Backup a database to the specified path

Parameters:
  • database (str) – name of the database to backup

  • path (str) – path (relative or absolute) to backup to

Returns:

pg_dump stdout and stderr output

Return type:

str

execute_command(database: str, path: str)

Executes backup/restore commands and replaces the formatted commands with actual values.

Parameters:
  • database (str) – database name

  • path (str) – backup path

Returns:

stdin and stdout of executed command

Return type:

str

class pgmob.backup.FileRestore(cluster: Cluster, base_path: str = '', binary_path: str = 'pg_restore', options: RestoreOptions | None = None, shell: _BaseShellEnv | None = None)

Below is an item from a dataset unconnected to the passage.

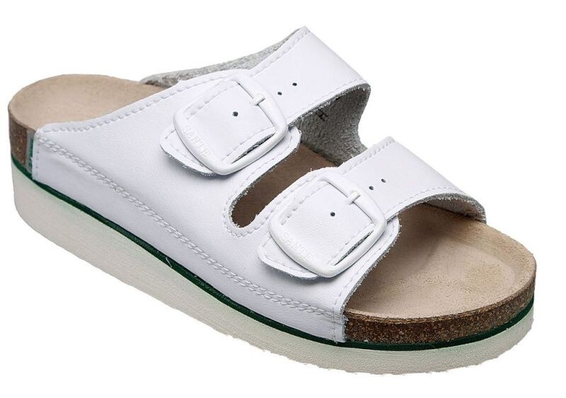 Dámský bílý pantofel z mikrovlákna s koženou stélkou na klínku, nastavitelná šířka na dvě přezky. Protiskluzová podešev, nezanechává šmouhy na povrchu. Certifikovaná pracovní obuv.

Restore class that performs a Restore operation from a local filesystem. Executes pg_restore on a target postgres cluster spawned as a subprocess of Postgres server process.

Parameters:
  • cluster (cluster.Cluster) – Postgres cluster object

  • base_path (str) – Base backup path. If specified, the backup path would be considered relative to it.

  • binary_path (str) – Path to the pg_restore binary. Use when a specific binary version is needed or the binary is not in PATH.

  • options (RestoreOptions) – restore options represented by the RestoreOptions class

  • shell (_BaseShellEnv) – shell processor that defines pathing and escaping for the current environment

options

restore options represented by the RestoreOptions class

Type:

RestoreOptions

cluster

Postgres cluster object

binary

Path to the pg_restore binary

on_start_commands

commands to execute prior to launching the restore

Type:

List[str]

command

main restore command

Type:

str

on_finish_commands

commands to execute after restore is completed or failed

Type:

List[str]

Example

Restore objects into database bar changing object ownership to “bar”

>>> old_db = "foo"  
>>> new_db = "bar"  
>>> role = "ownerrole"  
>>> backup = FileBackup(cluster=cluster, base_path="/tmp")
>>> backup.backup(database=old_db, path=f"{old_db}.bak")
>>> restore = FileRestore(cluster=cluster, base_path="/tmp")
>>> restore.options.schema_only = True
>>> restore.options.no_owner = True
>>> restore.options.tables = ["a", "b"]
>>> restore.options.set_role = role
>>> restore.restore(database=new_db, path=f"{old_db}.bak")
execute_command(database: str, path: str)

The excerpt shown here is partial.